### Records for the task
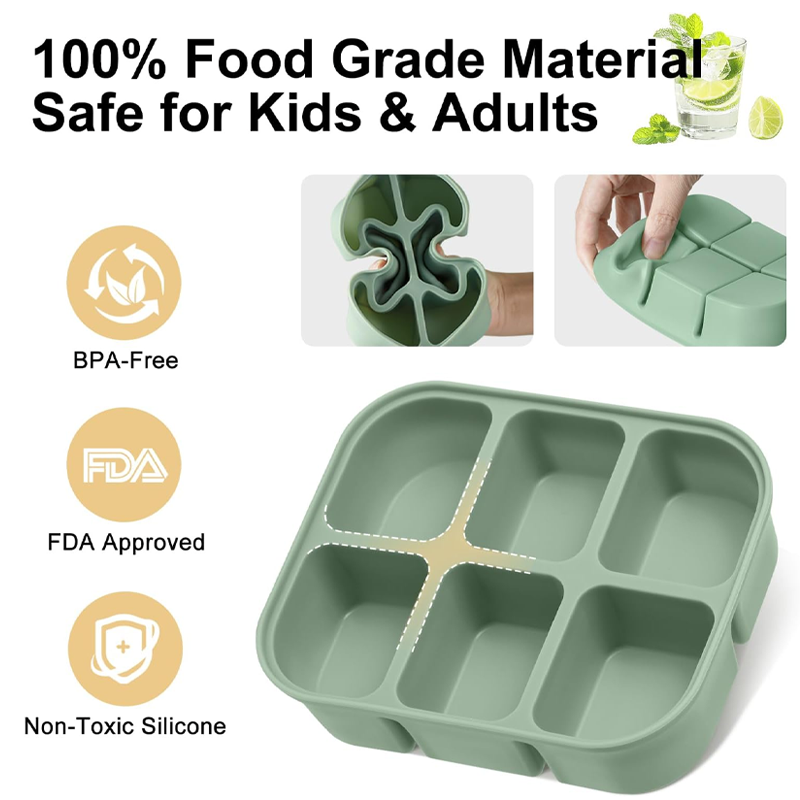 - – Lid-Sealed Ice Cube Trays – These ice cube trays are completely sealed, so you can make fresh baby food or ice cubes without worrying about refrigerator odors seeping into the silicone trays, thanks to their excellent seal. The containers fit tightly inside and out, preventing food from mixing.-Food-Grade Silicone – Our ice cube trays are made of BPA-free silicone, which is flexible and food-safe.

* * *

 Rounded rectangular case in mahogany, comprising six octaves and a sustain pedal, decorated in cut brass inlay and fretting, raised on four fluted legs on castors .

---

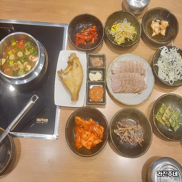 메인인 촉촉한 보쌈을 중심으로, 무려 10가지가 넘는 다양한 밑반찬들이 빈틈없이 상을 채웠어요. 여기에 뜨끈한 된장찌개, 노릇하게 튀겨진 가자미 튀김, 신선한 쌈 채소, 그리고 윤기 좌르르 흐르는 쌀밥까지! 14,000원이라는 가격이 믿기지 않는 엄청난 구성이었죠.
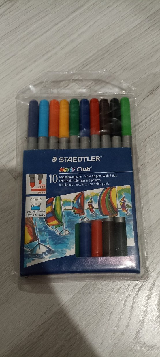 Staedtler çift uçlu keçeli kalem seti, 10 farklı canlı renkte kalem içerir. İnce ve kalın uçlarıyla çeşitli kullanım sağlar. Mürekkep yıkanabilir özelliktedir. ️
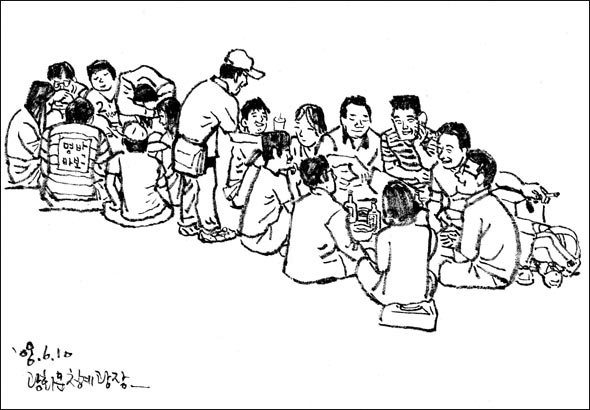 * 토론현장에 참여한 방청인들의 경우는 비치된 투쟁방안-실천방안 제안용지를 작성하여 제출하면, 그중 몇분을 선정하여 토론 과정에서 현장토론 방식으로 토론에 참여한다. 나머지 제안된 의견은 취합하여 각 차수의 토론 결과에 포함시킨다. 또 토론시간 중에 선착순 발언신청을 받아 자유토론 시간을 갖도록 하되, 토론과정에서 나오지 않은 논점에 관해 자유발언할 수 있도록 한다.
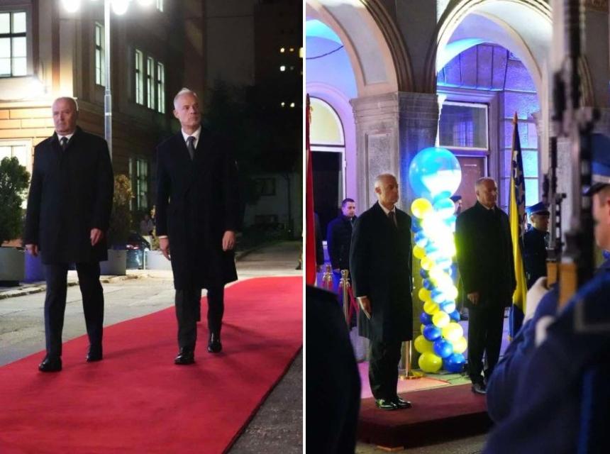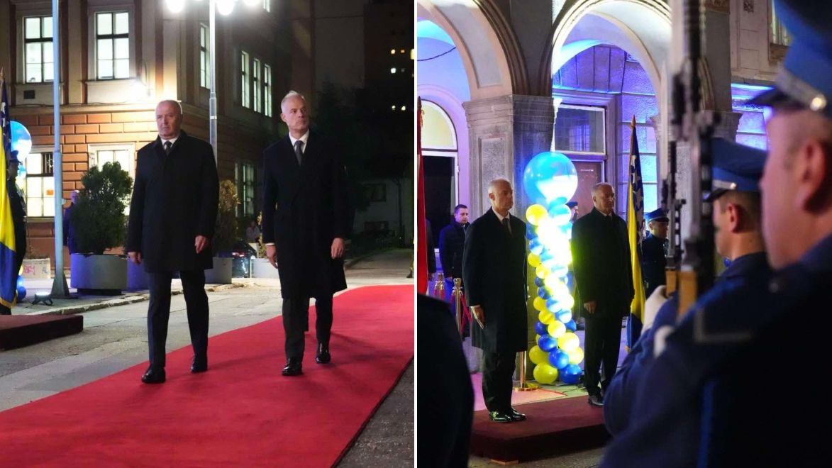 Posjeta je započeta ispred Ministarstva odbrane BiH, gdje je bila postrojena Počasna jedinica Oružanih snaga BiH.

### The problem
Going back to the data above, write out everything from the line with "자유발언할 수 있도록 한다." down to the line with "Posjeta je započeta", both included, leaving every picture out.

### Task result
 * 토론현장에 참여한 방청인들의 경우는 비치된 투쟁방안-실천방안 제안용지를 작성하여 제출하면, 그중 몇분을 선정하여 토론 과정에서 현장토론 방식으로 토론에 참여한다. 나머지 제안된 의견은 취합하여 각 차수의 토론 결과에 포함시킨다. 또 토론시간 중에 선착순 발언신청을 받아 자유토론 시간을 갖도록 하되, 토론과정에서 나오지 않은 논점에 관해 자유발언할 수 있도록 한다.
 Posjeta je započeta ispred Ministarstva odbrane BiH, gdje je bila postrojena Počasna jedinica Oružanih snaga BiH.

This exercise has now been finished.